Lorsqu'on discute de telle expression, il est souvent fait mention du niveau culturel des personnes qui l'emploient, alors, à ce sujet, le 5 juin au soir, lors d'une émission consacrée à la commémoration du Débarquement du 6/6/44, alors qu'il était question de la place des Noirs dans l'armée U.S., une prof de la Sorbonne, Annick Foucrier, a dit "on s'en méfie" au lieu de "on se méfie d'eux".


----------



## itka

> L'emploi de "en" remplaçant des personnes me semble une marque de mépris (sauf si on ne peut pas faire autrement, bien sûr).


De mépris... peut-être pas. Pour moi, c'est surtout une méconnaissance des niveaux de langue...
Je voulais souligner qu'il y a en effet des cas où on ne peut pas faire autrement. L'exemple de Marget en est un :
_"Avez-vous des amis français ? - Oui, j'en ai plusieurs"_
En voilà d'autres :
_"Combien d'élèves avez-vous dans cette classe ? - J'en ai une trentaine".
"Avez-vous des cousins et des cousines ? - Non, mais j'aimerais en avoir beaucoup !_"


----------



## janpol

un autre : il a changé de cuisinier/ voisins/ jardinier/ fournisseurs/ chauffeur/ secrétaire/ femme/ maîtresse/ fiancée/ petite amie etc... = il en a changé...


----------



## marget

I think that Annick Foucrier's phrase "on s'en méfie" could be an example of _en_ replacing a noun used in the collective sense.


----------



## Zibli

marget said:


> I think that Annick Foucrier's phrase "on s'en méfie" could be an example of _en_ replacing a noun used in the collective sense.

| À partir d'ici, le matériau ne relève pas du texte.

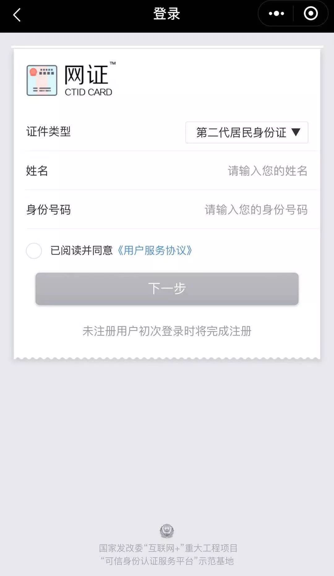 3、初次使用需要输入身份证信息,随后完成面部扫描认证后就可以使用。
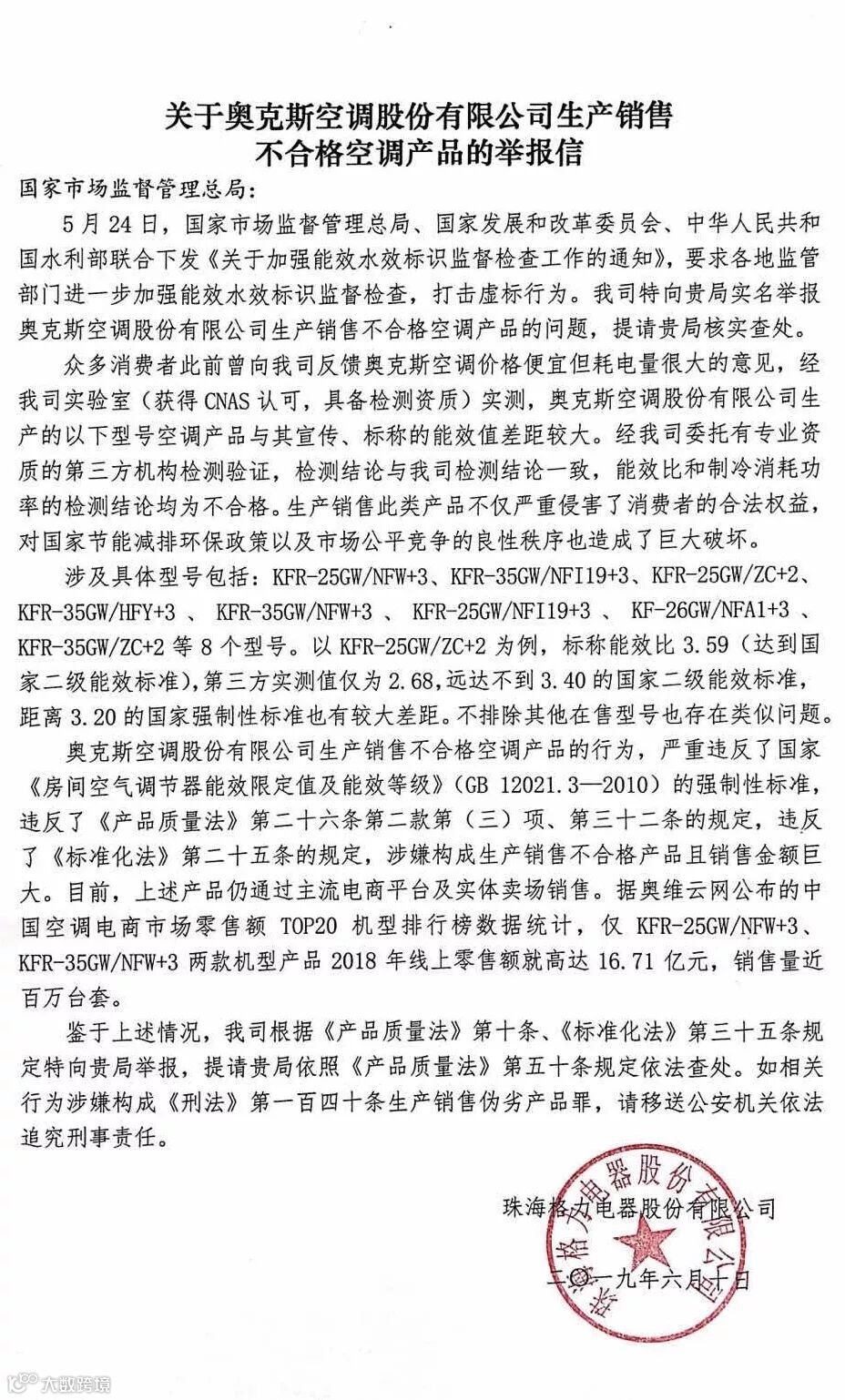 5月24日,国家市场监督管理总局、国家发展和改革委员会、中华人民共和国水利部联合下发《关于加强能效水效标识监督检查工作的通知》,要求各地监管部门进一步加强能效水效标识监督检查,打击虚标行为。我司特向贵局实名举报奥克斯空调股份有限公司生产销售不合格空调产品的问题,提请贵局核实查处。

Je crois que c'est un exemple de phrase où les frontières sont floues: ce _en_ vaut-il pour "des Noirs" (incorrect, en principe) ou pour "d'introduire des Noirs dans l'Armée" (correct) ?

_En_ et _y_ se trouvent en pleine phase d'évolution dans la langue française actuelle. L'usage normal est bien tel que vous l'avez décrit précedemment. Mais de plus en plus de personnes les utilisent dans les cas où ils sont en principe proscrits, y compris dans les milieux les plus éduqués, comme le montre l'exemple.

Personellement, j'ai écrit ce matin-même dans un email que mon fils était amoureux d'une certaine Manuela et qu'il _en_ parlait toute la journée. _En_ valait-il pour "Manuela" ou pour "ce que Manuela avait fait ou dit" ? Utiliser _en_ me plaît plus que "d'elle", je le trouve moins lourd (_en_ et _y_ sont des exemples admirables de légèreté), et j'aime justement le fait qu'il suggère quelque chose d'un petit peu plus vaste que le sujet précis "Manuela".

Je ne l'écrirais pas dans un article sérieux, mais je ne serais pas étonnée que d'ici quelques décennies cet usage devienne la norme.


----------



## coeurdenids

This is a fascinating thread. Since I am not a native, my use of this word is acquired. But when I was asked once "Vous avez des gosses?" I answered easily "Oui, j'en ai deux." The native nodded admiringly. It would have been ludicrous , now that I think of it, to have said "Oui, j'ai deux d'eux."


----------



## janpol

Non,"j'ai deux d'eux" ne marche pas ! Il a été reconnu, dans ce fil, qu'avec certains verbes "en" est inévitable...


----------



## Chimel

So to summarize this "fascinating thread" , it is very important to make the distinction between a) the _en_ as a partitive (for a quantity) and b) the _en_ as a complement of a verb with the preposition _de_.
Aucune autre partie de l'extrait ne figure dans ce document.